If a water lotus doesn't fit in your koi pond, consider a water lily instead.
Many confuse these two koi fish pond plants because they both produce striking flowers, and both will cover your koi pond in lily pads. But, water lilies are often smaller than lotuses, with leaves that grow a max of 18 inches across. Water lilies also have flowers that float on the water's surface, while water lotus flowers emerge above the waterline.
Water lilies come in a wide variety of colors and species and can grow in water depths of six inches to several feet. They thrive throughout North America in both tropical and hardy varieties. Tropical water lilies act as annuals, while the hardy types provide perennial blooms.
Koi will eat the roots of water lilies, but it's not their favorite snacking plant. Instead, they prefer to lay their eggs beneath the leaves. To ensure that your fish don't eat away all your koi pond water lilies, ensure you have plenty of other food options, like water lettuce or water hyacinth.
Horsetail is perhaps the oldest koi pond plant on this list. Some call it a living fossil plant, and you can trace its history back to prehistoric times. Since then, it's been key for water filtration and pond bank stabilization.

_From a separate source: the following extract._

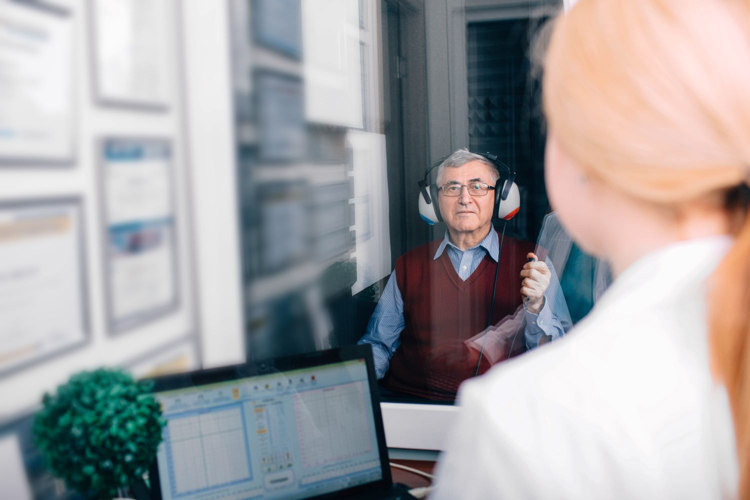 After your ears have been examined, you will undergo an auditory test likely involving a series of tones or voices at different frequencies presented to each ear separately.

This tall, reedy aquatic plant grows in water a few inches deep or along wet and muddy banks. Also called scouring rush or marestail, this water plant can grow from two to five feet tall. It's dark green with jointed nodes ringed in deep black circles. And though it doesn't flower, it can "bloom" with leafy green sprouts that shoot out from its sides.
Striking and elegant, Horsetail grows in partial shade and won't overtake the landscape. Koi fish won't eat the hollow stems, but they do enjoy hiding in the plant's shady coverage.
Water poppies are another example of fantastic koi pond pants. These fast-growing plants provide excellent water filtration. With ovular leaves and bright yellow flowers, they're also aesthetically pleasing.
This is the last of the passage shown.